You’d be forgiven if you had no idea India had a space program; it’s still in its fledgling stages, but it’s come incredibly far in a short amount of time. Yesterday, the Indian Space Research Organization (ISRO) made history, launching a record-breaking 104 satellites aboard a single rocket.
The origins of the Indian space program date back to the 1920s and 30s, but the ISRO in its current form was established in 1969. The first Indian satellite, Aryabhata, was launched into space aboard a Russian rocket in 1975. The aim was to give the ISRO experience in building and launching a satellite. In 1980, the first Indian rocket carrying an Indian-made satellite, Rohini, was launched; this was also an experimental satellite. Rohini’s successful launch made India the sixth country in the world with the technology to launch craft into space.
The year 1984 saw the first Indian citizen soar into space. Rakesh Sharma left our planet aboard a Russian Soyuz capsule, which launched from the Baikonur Cosmodrome, then in the U.S.S.R., in a joint partnership between ISRO and Intercosmos, the Soviet Union’s space organization. (Intercosmos is now called Roscosmos). Sharma spent seven days aboard the Russian space station Salyut 7 conducting scientific experiments.
In 2008, India launched an unmanned lunar mission, Chandrayaan-1, from its Satish Dhawan Space Center spaceport, located on a barrier island of South India. The spacecraft housed 11 different scientific instruments built by various countries (from India to Bulgaria to the United States) and orbited the moon over 3,400 times. ISRO lost contact with the spacecraft in late 2009. The ISRO plans to send a second spacecraft, Chandrayaan-2, to the moon in 2018.
India also had the distinction of launching Asia’s first successful Mars orbiter, the Mars Orbiter Mission, nicknamed Mangalyaan, on November 5, 2013. It reached the red planet just under one year later. It was the least expensive mission to Mars in history, with a rough price tag of just $74 million. NASA’s comparable Mars orbiter, MAVEN, cost $671 million, though MAVEN had significantly more capabilities than Mangalyaan.
ISRO’s sights are set high, but in between launching orbiters to other worlds, India’s space program has focused on increasing their launch capabilities. They’ve been building bigger and more sophisticated rockets capable of taking larger payloads to space. The ISRO has made a name for itself with its ability to deploy multiple satellites with one launch. This means that ISRO can launch their own satellites into space and sell the extra rocket space to third-party consumers, whether private companies or other countries. It’s an important cost saving measure for an organization that has been heavily criticized domestically for its spending, given India’s poverty rate.
India can accomplish this using the Polar Satellite Launch Vehicle (PSLV), a reliable workhorse of a rocket that was responsible for the launch of both the lunar and Martian orbiters. Operating since 1993, it had put 122 satellites successfully into orbit before February 14, 2017, with 38 straight successful missions.

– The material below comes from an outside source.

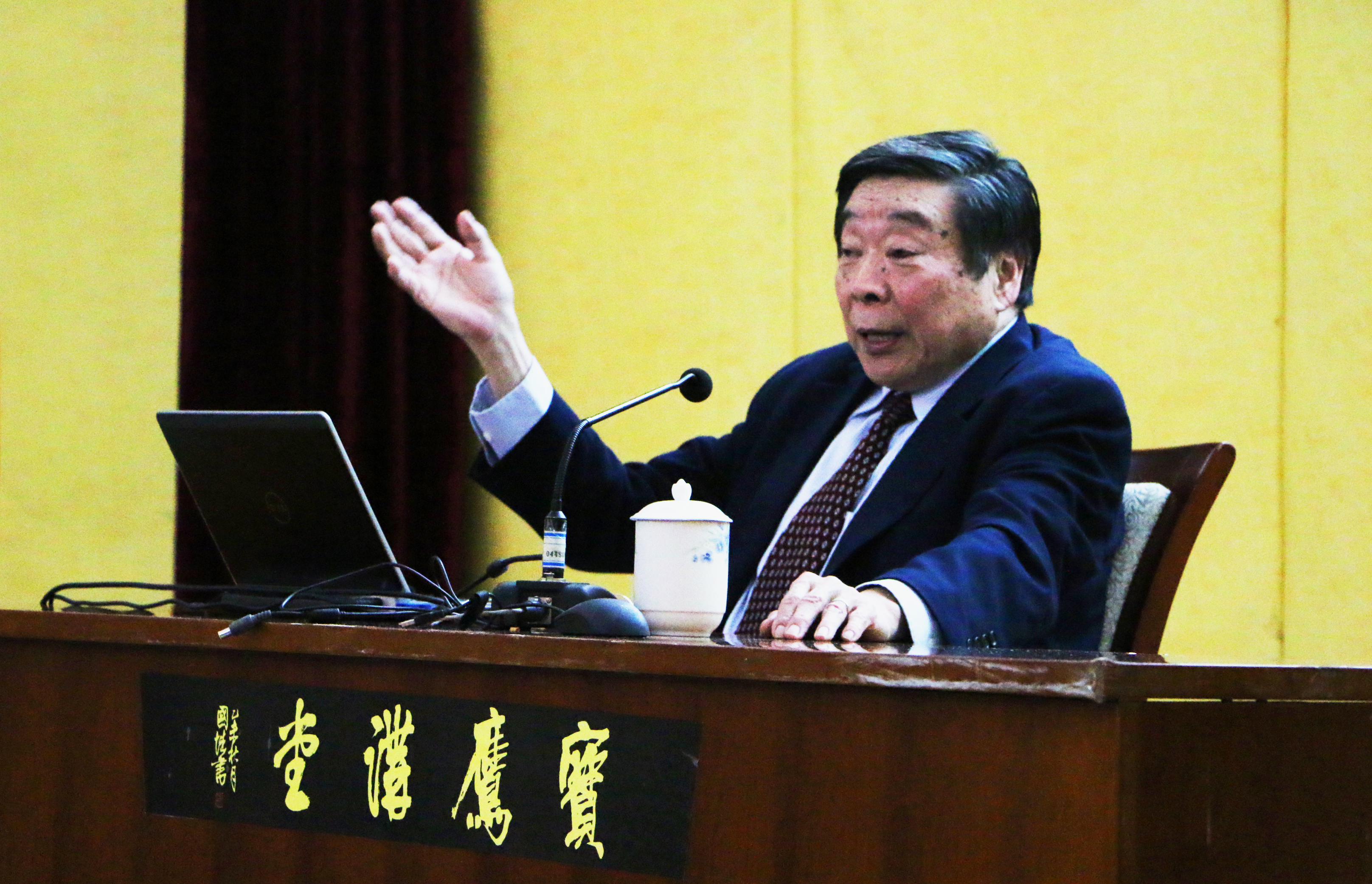 古朴担任讲座主持人。他向马佐平赠送对联以作纪念。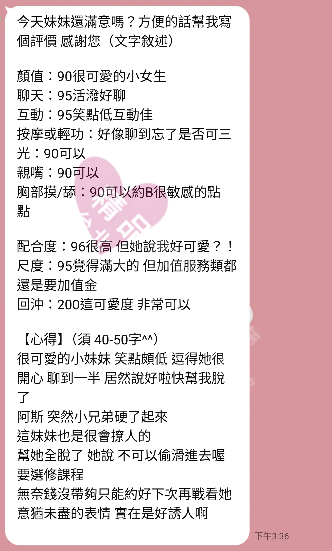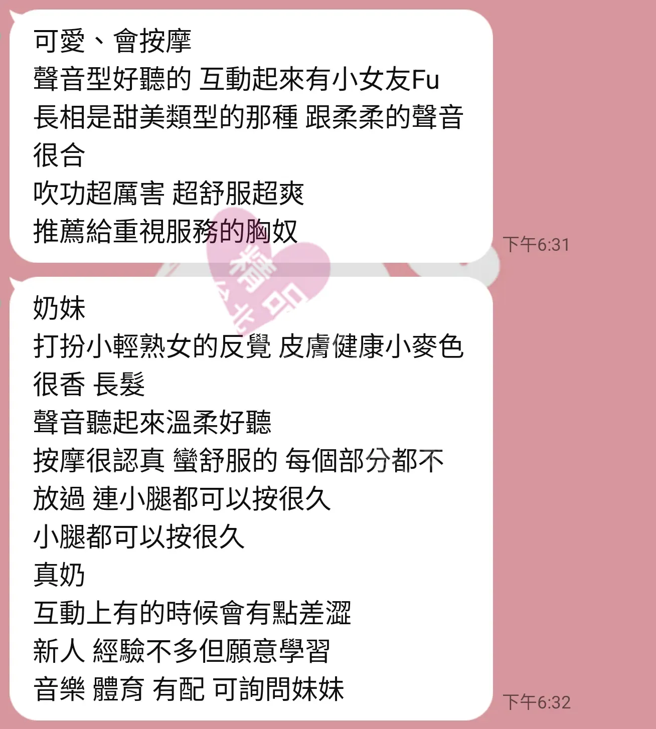 美容師都很有禮貌,先幫你背部按摩聊聊天,前戲會開始調情輕功,再來就是重點部位的加強。如果預算,也可以跟美容師聊聊加值服務,放心問都有機會。精品舒壓期待每位客人每次來舒壓都有個Happy Ending!

That number, 122 total satellites, should put ISRO’s accomplishment yesterday into perspective: In one launch, the Polar Satellite Launch Vehicle carried 104 satellites into orbit on a single rocket. These satellites weren’t just Indian: the PSLV carried spacecraft from companies located within the Netherlands, Switzerland, Israel, and even the United States.
The primary objective of yesterday’s mission was to launch the CartoSat-2D spacecraft, which is a satellite intended to study India. Using the CartoSat-2D, the Indian government can monitor land use and use its data for urban and rural planning projects. It took up over half the rocket’s payload weight.
Of the remaining space and weight available, the bulk of the payload belonged to a U.S. company called Planet, with ambitions to monitor the Earth from space. These satellites are tiny, which is how so many of them (88) were able to fit on one rocket. To reduce costs, the company buys space on missions that are already launching, like the February 14 PSLV launch. The collaboration was arranged by rocket crowdsharing company Innovative Solutions in Space.
With this record-setting launch, India has confirmed that not only are its spaceflight capabilities robust, but that its future in space is promising. What will be next for India, and where will it go from here? Will we see a manned Indian space mission in the next decade?